Un memorialista es el que gobierna un memorial, que viene a ser dónde se apunta algo. La memoria es fuente de dolor, decía un premio nobel. Pero también de alegrías —dice este humilde cronista de la nada—. Uno apunta donde puede. Y si no puede, lo guarda en el recuerdo.
—Alejandro, apúntame estas cañas, que no tengo dinero.
—Aquí no se apunta nada.
—Bueno, pues lo llevas de cabeza.
Treintaicinco años después recibimos una invitación para asistir a una cena de compañeros de clase. Los que acabamos octavo en 1978. La recibo por Facebook. Inopinadamente las redes sociales sirven para algo más que para chafardear —que es un eufemismo de bacinear—. Hagamos memoria. Eran tiempos felices, sobre todo porque éramos jóvenes. Niños más bien, pero no lo sabíamos. Éramos los dueños del patio. Gastábamos camisas caquis y, quien podía, gafas de sol de piloto, con los cristales verdes y la montura dorada. Jugábamos al balonmano y el mundo nos esperaba entero para nosotros. Estábamos en lo más alto: éramos los de octavo.
Abrevo mi sequía esta tarde haciendo uso de la memoria de los demás. Vivimos en una tierra en la que los Pascuales Duartes acechan detrás de cada esquina. Uno, oyendo la conversación recuerda la España Imperial de Ramón Ayerra.
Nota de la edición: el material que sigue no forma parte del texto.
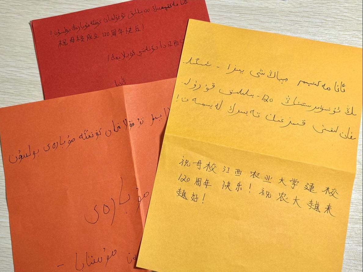 破冰环节中,“祝福传递”的民族语教学、“同心共乐”的飞花令诗词大会、紧张刺激的“数字炸弹”等游戏将活动氛围推至高潮,现场一片欢声笑语。当活动行至尾声,江农新生提笔书怀,笔墨间既有“赣鄱月照各族心,江农情暖求学路”的真切,也有“祝母校秋安,愿各族同窗共赏一轮月”的期许,将民族节日的暖意与对母校的祝福相融,为活动轻轻画上温情的句号。
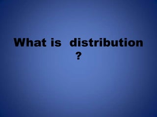 Distribution is the competitive business of launching films in theaters and other markets to maximize their commercial success. Distributors obtain films from producers, studios, or through output deals, then develop tailored release plans considering the target audience and film's earnings potential. Their goal is to bring each film to market from scratch through effective marketing like posters, trailers, and word of mouth to build demand and realize the film's box office potential.
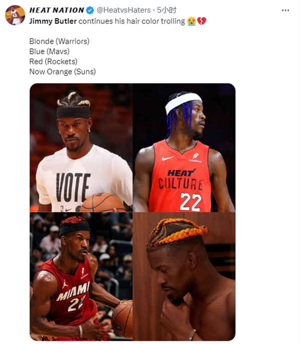 今日赛前,巴特勒的橙黄色新发型引热议,美媒调侃这证实了巴特勒想要加盟太阳。
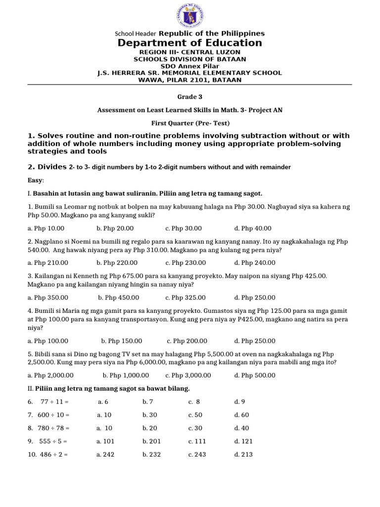 Assessment on Least Learned Skills in Math. 3- Project AN

Un señor mellizo quería matar a su melgo. Tenían un negocio a medias y se conoce que no se ponían de acuerdo, o no les cuadraban las cuentas. Ya se sabe: los tanteos para el caliche. Entre los dos hermanos no llegaban a la talla media nacional de aquellos años, ni mucho menos. Viéndolos uno pensaba que alguien había sacado de paseo a los monigotes de un futbolín, o que lo hubieran desarmado para arreglarlo.
Estos medios tenían la casa y el negocio a dos calles de Juan, un solterón que perdió la chola de joven y que vivía con una hermana moza vieja e impedida. Tenía, la hermana de Juan, una pierna ortopédica de un color más rosado que el muñón. La de verdad se la dejó en las vías de la línea Cinco Casas-Tomelloso, al tirarse al Ómnibus Tipo 70 que cubría el recorrido porque la dejó el novio. Juan le tenía más miedo a las tormentas que a un dolor de muelas a medianoche. Pero cuando empezaba a tronar les hacía cara, se salía al patio y les gritaba, amenazante y sin camisa.
—¡La nube, la nube, la nube! Si tiene narices la nube, ¡qué venga! La espero con la navaja abierta.
Este Juan se juntó con una viuda cincuentona que no tenía nada que perder. Le daban al coñac a todas horas. No comían ni nada. Iban a la tienda y solo compraban de beber, fiado. La paga del parvo y la de la coja servían para liquidar la cuenta del comercio. Se breaban de lo lindo y a la pobre impedida se la llevaron a un asilo. Taló la higuera del patio y un viejo verde que estuviera liado con la viuda antes que Juan, se conoce que por celos, iba a tirarles botes de pintura, abiertos, desde el coche a la fachada cuando pasaba. La fachada parecía un cuadro de Pollock.
Como decía, el melgo hizo mala sangre y quiso matar a su hermano. Con un hacha más alta que él (cosa nada difícil) en lugar de ir a por el medio (nunca mejor dicho), se fue a casa de la vecina.
—Purita, vente conmigo, que voy a matar a mi hermano de un hachazo y quiero que seas testigo.
A la vecina le dio un vahído y el proyecto de asesino tuvo que llamar a urgencias: por ahí se libró la víctima.